Within each episode sits a particular theme. An aspect of life that can be often matched with either inconvenience or complexity. Where as a society we collectively experience these issues and aren't quite sure how to address them. These episodes feature attempts to find answers, but through the events and people John Wilson finds within the city, sometimes these people lead to his travels outside of the city and revealing of a web of additional complexities and issues that people have found in life; this even features some rather peculiar events and people that are trying to also find their own answers in life through unconventional means.
This style of documentary filmmaking seems as authentic to the world of documentaries as it possibly could be, and while there's sometimes some narration or agenda that's displayed in the way the episodes are filmed and edited, it feels incredibly natural. It shows our society for what it is: a facade. It shows the many ways we strive for the assumption that we're sophisticated beings, but even in the cities filled with the most wealth and seriousness in terms of corporatism, everything is in fact very, very stupid.
A man and a camera
Some of the best documentaries I've seen have been ones in which the host(s) are mostly silent, or the camera is simply a present member with no opinions, simply observing and having a particular world unfold to it. Ones where we feel as if we are in fact present. How To with John Wilson perfectly provides this feeling. You can very much tell that the documentary is simply a man and his camera roaming through the streets, meeting total strangers and discussing life with them. He briefly asks them questions, but these only ever seem to be questions that amplify the topic at hand, where they encourage the person being interviewed to either elaborate or provide their own thoughts on the topic.
John Wilson's questions are engaging, but heavily amplify the random clips of the streets he's accumulated over time to connect the topic to the video. His use of visual metaphors and narration are what allow for comedic elements to slip into the episodes and ensures things aren't too serious. The humour breaks up the attempt to discover answers in life by showing it all in a light-hearted manner, where nothing is really that important or serious, where even figuring out how to split the bill can be a ridiculous, silly event.

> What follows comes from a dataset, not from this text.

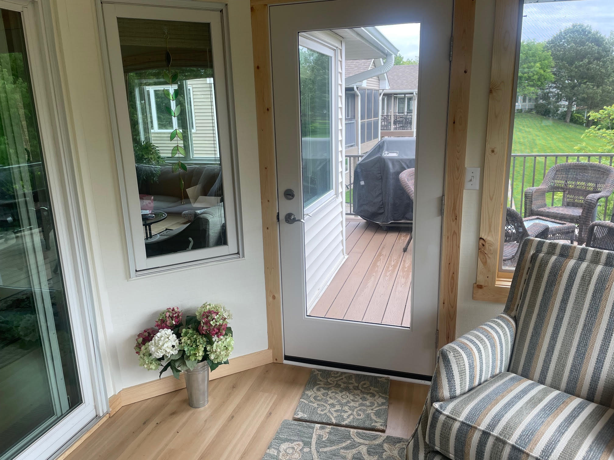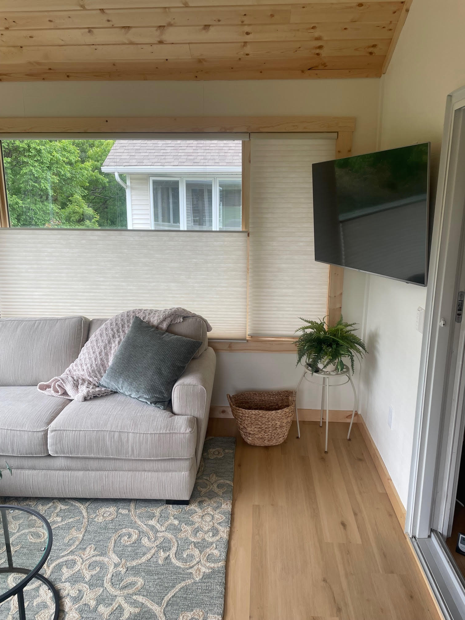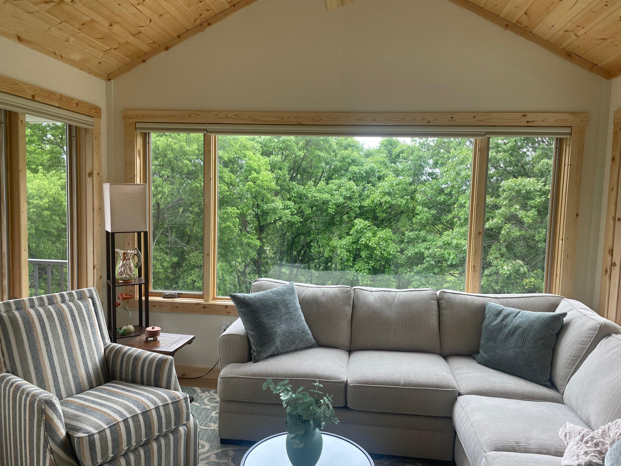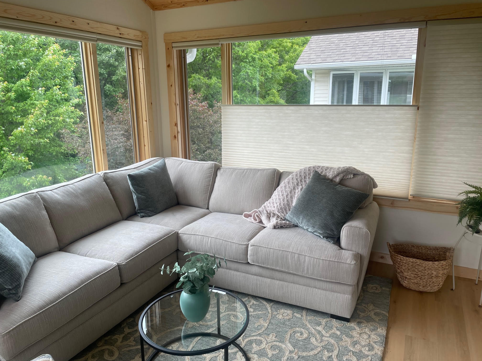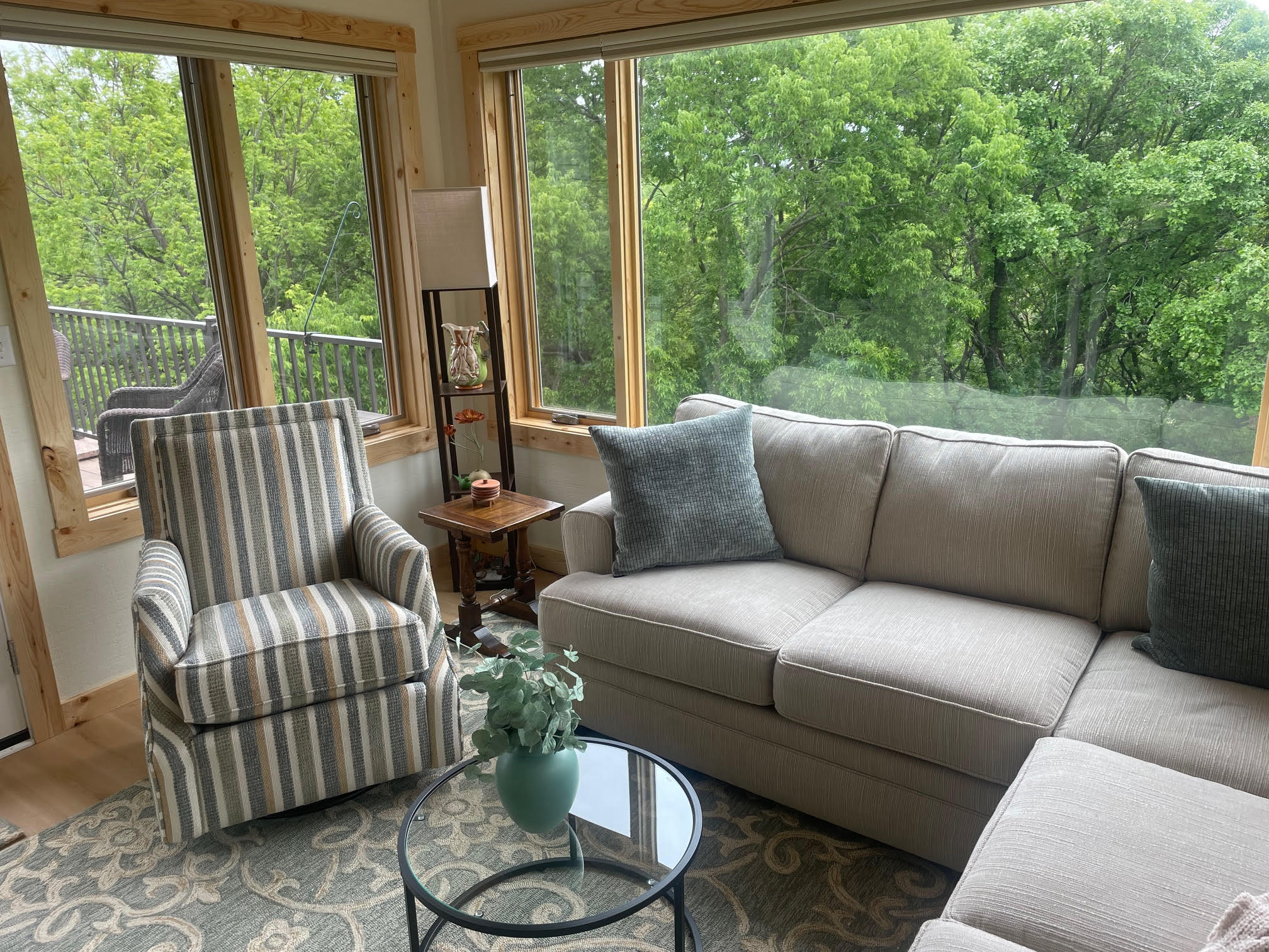 Surrounded by beautiful trees, this contemporary townhouse is filled with light and is perfectly tailored to its residents. This 4-season sunroom addition seamlessly blends style with magnificent views. Every detail of the room has been carefully considered, from the custom Swiss Oak Praline flooring to the wall-to-wall windows and knotty pine ceiling and trim. This new space provides function and relaxation and a place for gathering with the grandchildren or a coffee corner for tranquil mornings. The finishing touches in this home add warmth and coziness and complement its outdoor views.

It's rare for a documentary to feel as if it isn't trying to sell you something. As if it has no specific agenda. It's incredibly refreshing to see something that just documents life the way the show does. It has you wanting more and more of it as each episode passes, as you see roughly 25 minutes of footage zoom by. Fortunately, there is a second season that is airing now, but I am finding myself really wanting a third season already.
Showing life for what it really is
Society hides behind the mask that it holds sophistication and that there's a set of rules forever set in place and implemented that allow for us to live in the best ways we believe we can, with the structure supposedly remaining fair for all. We all know that this isn't the case, and John Wilson uses sarcasm thought-provoking questions to pursue this.
In a city like New York, with such a large number of people living in such close proximity, this must be more evident than ever. Where each person is an individual with their own thoughts and lifestyles within the same concrete jungle. This level of individualism is mostly overlooked in our day-to-day jobs, where we pretend to be smarter or open with those around us. In a place where competition among its people must be intense, it must be very easy to quickly forget about who you really are.
For a documentary that's both comedic and a series of clips of random events throughout each day, these are the thoughts How To with John Wilson leaves you with. Thoughts that take a look at ourselves as individuals, as being with strengths and weaknesses, with desires and problems that are both private and public. There's truly nothing quite like this documentary, and I don't think there truly can be, given its formula is so specific to John Wilson's own thoughts and style. Without him, it simply wouldn't work.